Как тут не заробеть! Однажды завели его к Покровским воротам в кабак. Не успели сесть, — из-за рогожной занавески выскочила низенькая девка с распущенными волосами: брови намазаны черно — от переносья до висков, глаза круглые, уши длинные, щеки натерты свеклой до синевы. Сбросила с себя лоскутное одеяло и, голая, жирная, белая, начала приплясывать около Михайлы, — манить то одной, то другой рукой, в медных перстнях, звенящих обручах.

Показалась она ему бесовкой, — до того страшна, — до ужаса, — ее нагота… Дышит вином, пахнет горячим потом… Михайла вскочил, волосы зашевелились, крикнул дико, замахнулся на девку и, не ударив, выскочил на улицу.

Желтый весенний закат меркнул в дали затихшей улицы. Воздух пьяный. Хрустит ледок под сапогом. За сизой крепостной башней с железным флажком, из-за острой кровли лезет лунный круг — медно-красный, — блестит Михайле в лицо… Страшно… Постукивают зубы, холод в груди… Завизжала дверь кабака, и на крыльце — белой тенью раскорячилась та же девка.

— Чего боишься, иди назад, миленький.

Михайла кинулся бежать прочь без памяти.

Деньги скоро кончились. Товарищи отстали. Михайла, жалея о съеденном и выпитом, о виденном и нетронутом, шатался меж двор. Возвращаться в уезд к отцу и думать не хотелось.

Наконец вспомнил про сверстника, сына крестного отца, Степку Одоевского, и постучался к нему во двор. Встретили холопы недобро, морды у всех разбойничьи: «Куда в шапке на крыльцо прешь!» — один сорвал с Михайлы шапку. Однако — погрозились, пропустили. В просторных теплых сенях, убранных по лавкам звериными шкурами, встретил его красивый, как пряник, отрок в атласной рубашке, сафьянных чудных сапожках. Нагло глядя в глаза, спросил вкрадчиво:

— Какое дело до боярина?

— Скажи Степану Семенычу, — друг, мол, его, Мишка Тыртов, челом бьет.

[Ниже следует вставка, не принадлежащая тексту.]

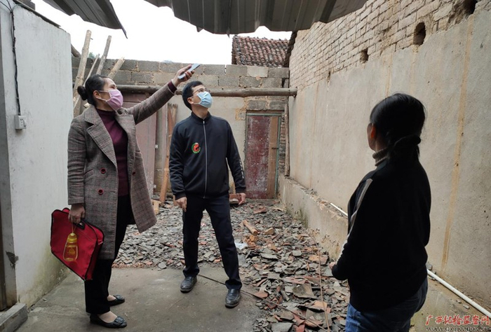 让贫困户“住有所居”是脱贫攻坚的重要内容。武鸣区纪委监委主动靠前督战危房改造,履行好监督的再监督职能,对规建部门上报的危房改造台账进行再审核、再监督,实地抽查危房改造对象户的现有危旧住房信息、家庭经济状况,对照政策精准过筛,对个别对象户申报条件提出质疑、及时纠偏,确保政策精准落地。图为武鸣区纪委监委干部林建到贫困户家中查看房屋倒塌情况。
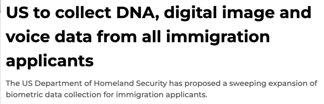 意为 “美国将向所有移民申请人采集 DNA、数字图像及语音数据”
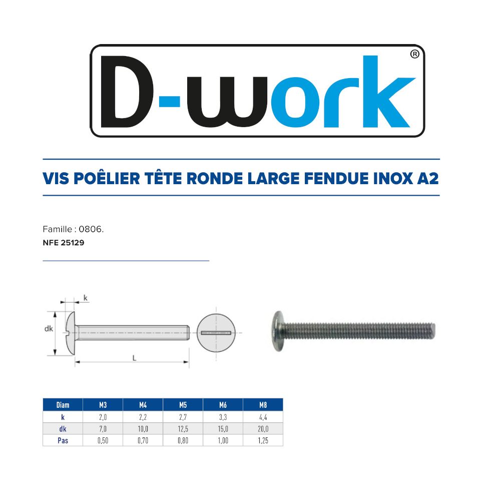 Ref. LEN-0806-8-80En savoir + sur 100 Vis Poêlier Tête Ronde Large Fendue 8 x 80 mm - NFE 25129 - Inox A2 - D-Work
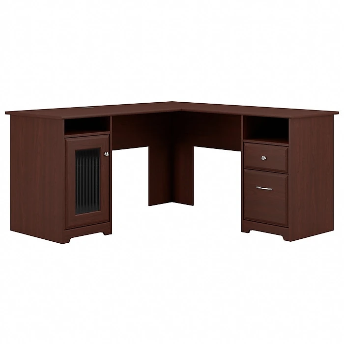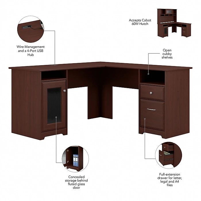 The Bush Furniture Cabot L Shaped Desk offers a spacious and efficient workplace for your home or office. Enjoy a beautiful traditional look with smart features for your convenience. The L Shaped Desk design provides a large durable work surface and just the right amount of storage to keep you feeling neat and organized. Desk storage details include an enclosed cabinet with stylish fluted glass door and a box drawer for supplies. A file drawer glides on smooth full-extension ball bearing slides and accommodates letter, legal or A4 sized paperwork. A built-in 4-port USB hub keeps your devices connected. The unique design saves space but provides you with 60 inches to spread out in either direction. Chrome-finished hardware creates a simple, elegant and timeless appearance. Add the Cabot Hutch (sold separately) to create a complete office set. Backed by a 1 Year Warranty.
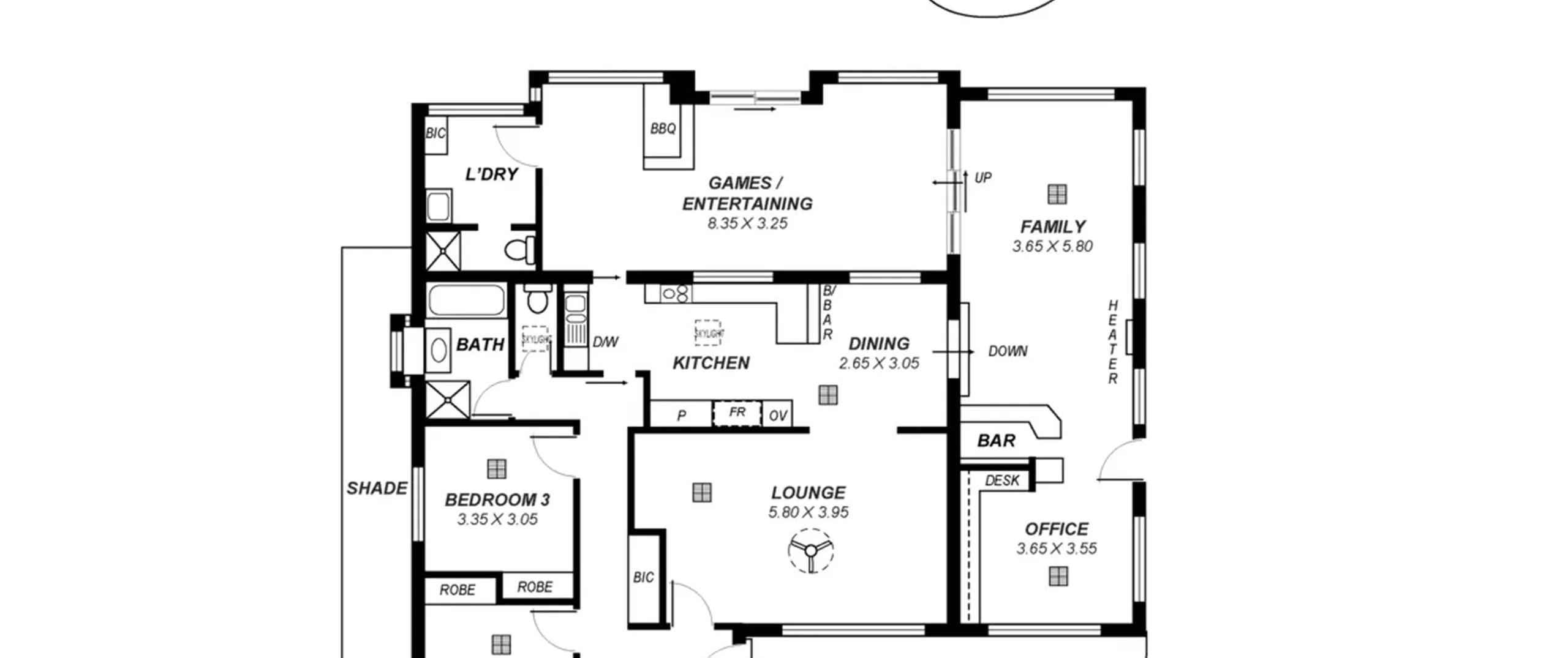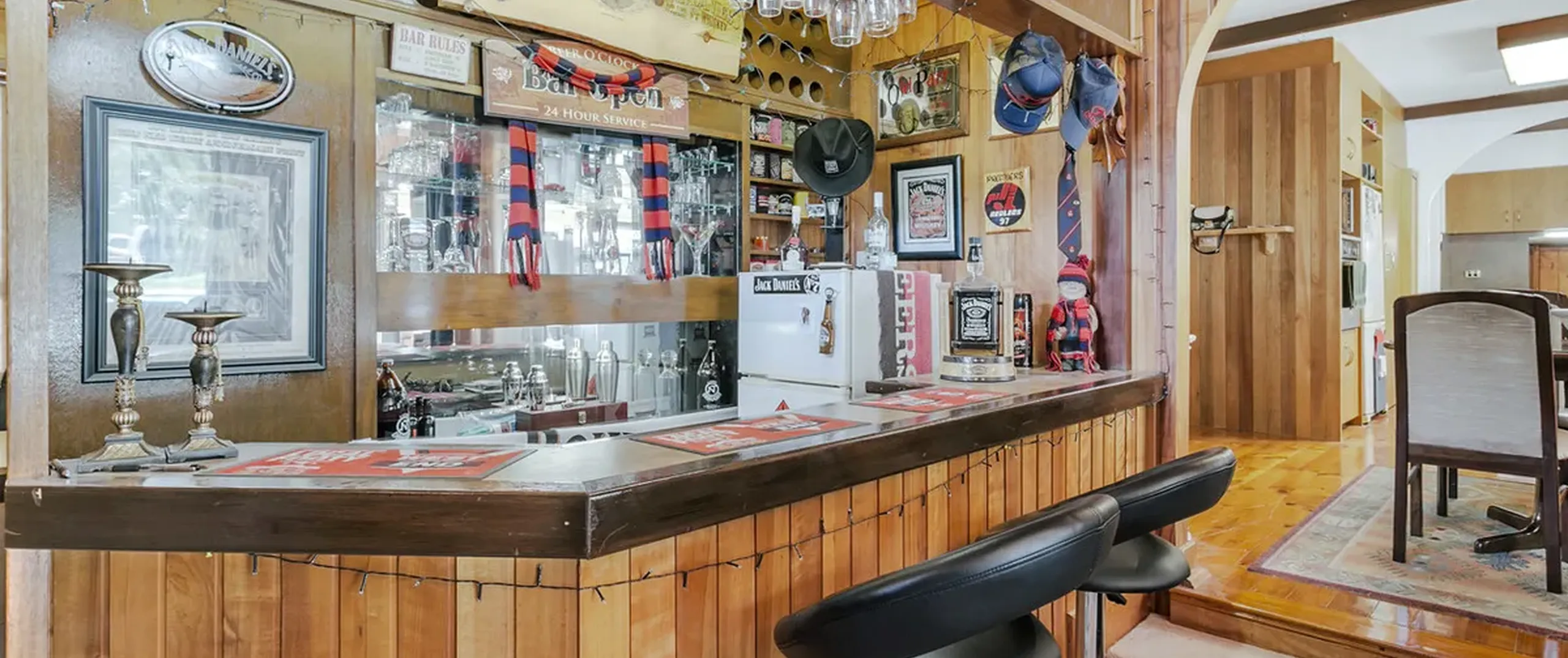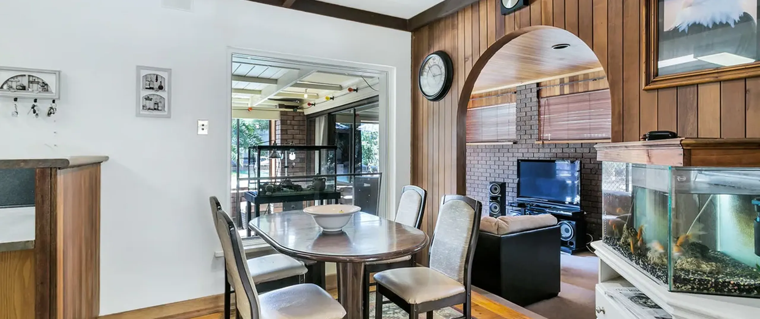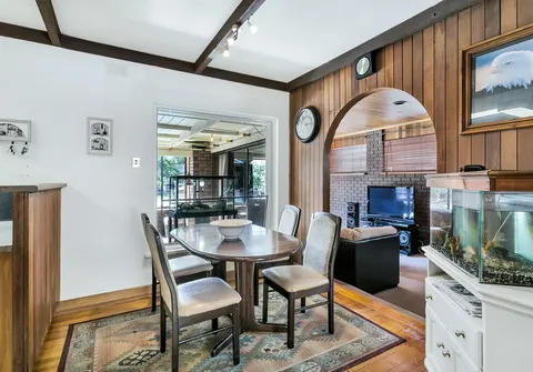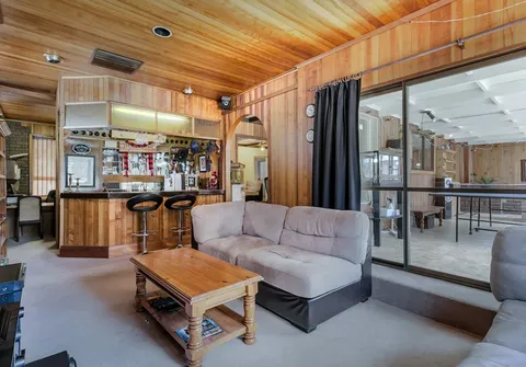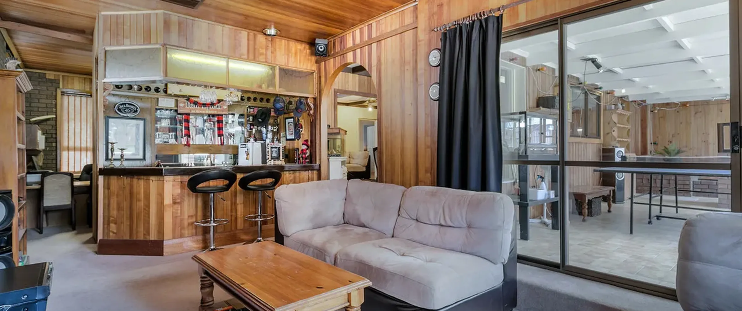 - Light filled family room with built-in bar and gas space heater

— Скажу, — пропел отрок, лениво ушел, потряхивая шелковыми кудрями. Пришлось подождать. Бедные — не гордые. Отрок опять явился, поманил пальцем: — Заходи.

Михайла вошел в крестовую палату. Заробев, истово перекрестился на угол, где образа завешены парчовым застенком с золотыми кружевами. Покосился, — вот они как живут, богатые. Что за хоромный наряд! Стены обиты рытым бархатом. На полу — ковры и коврики — пестрота. Бархатные налавочники на лавках. На подоконниках — шитые жемчугом наоконники. У стен — сундуки и ларцы, покрытые шелком и бархатом. Любую такую покрышку — на зипун или на ферязь, и во сне не приснится… Против окон — деревянная башенка с часами, на ней — медный слон.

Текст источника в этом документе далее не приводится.